After about midnight, she left her abode and strolled down the streets with fresh tears in her eyes. Not letting such beauty pass up, I persuade the enchantress into a dim Spanish tavern, Salamanca, with wooden floors and blood red paint on the walls. Flamenco filled every corner of the room as I walked in and took a place next to her at the bar. After some persuasion and charm, of which I have an abundance, she granted me the honor of buying her a glass of the establishment’s sangria. Her bright red fingers circled the rim of the glass as she spoke; her neck bowed and twisted with every sip and clenched every time she encountered a piece of floating fruit. The sound of hidden despair rang in her voice and filtered through the room as I fixed my eyes solely upon hers. 4/4 time of the handclap began the Catalan rumba that would become our first dance as inamoratos.
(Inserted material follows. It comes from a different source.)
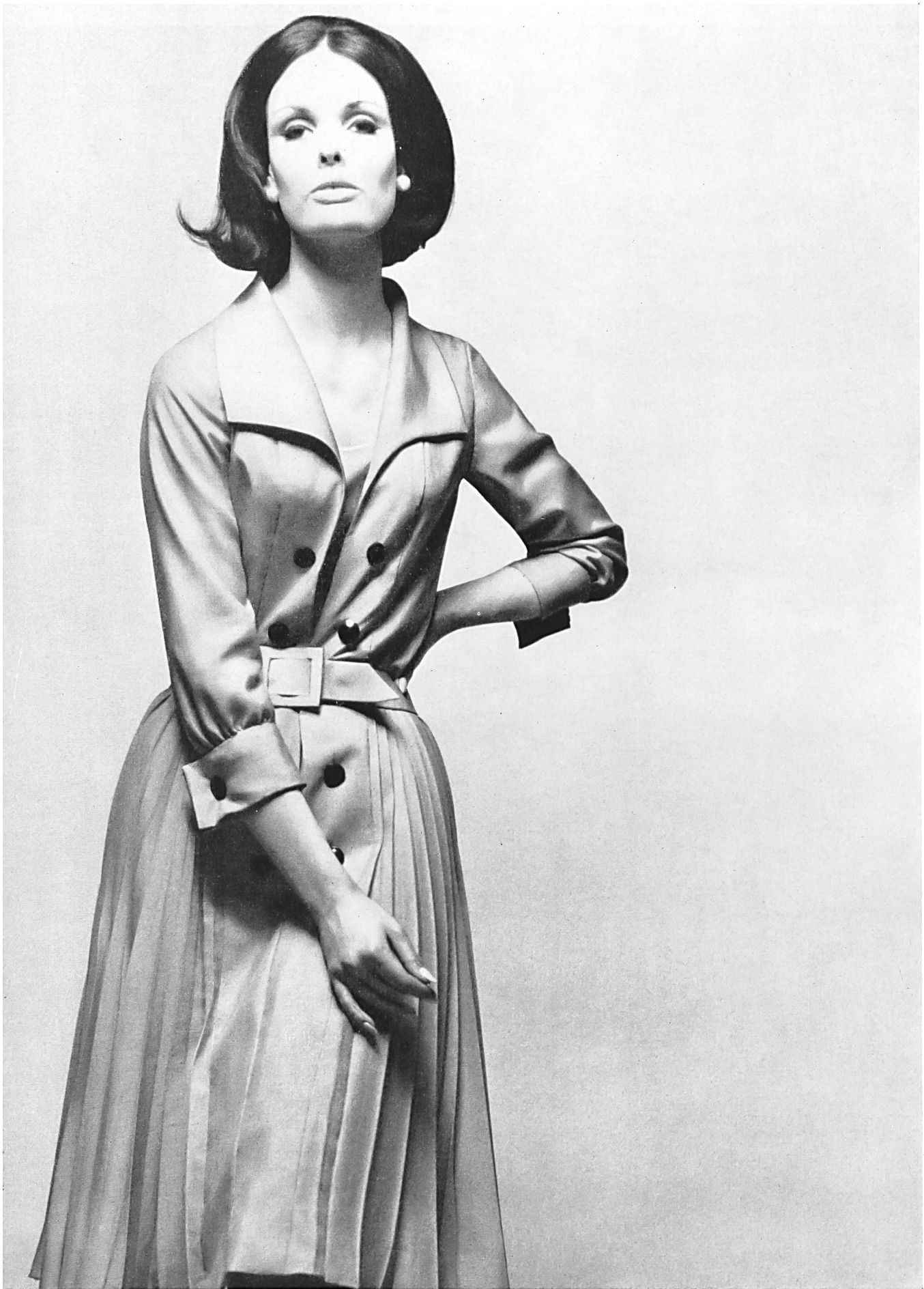
MAGGY ROUFF Pure soie « Tussahline » de Robt. Schwarzenbach & Co., Thalwil

The guitar strings pulsed as I held her fair hand in mine; the vocalista’s heartache vibrated in her eyes, as the bongos and guiro lead our steps in time. Over the sangria I had learned nothing from her; over the flamenco, I learned everything. Un Amor. Without the utterance of words, our hearts conversed, matching a joy that perhaps only the practice of my art could match. At the end of our dance, the slightest glimpse of a smile twisted her face exposing pearl-white incisors. Her sadness captivated me, and my joy beguiled her. She glanced at the crumbling clock on the wall and announced to me that she had to return home for a previous engagement.

I lead her back to her home on the Via Ghibellina that night, hearing her steps click to the beat of our shared flamenco. Before she went in for the night I caught another glimpse of her pearl-white incisors pronouncing the resolution that we should rendezvous again soon. She went inside and I took up my spot under the gas lamp which limply lit the pathway, and watched at her window. A small man wearing a waistcoat much too small for his bulging stomach entered the palazzo some time after she did, which made me ponder if perhaps he was her previous engagement. I then started to ponder who my next artistic subject would be.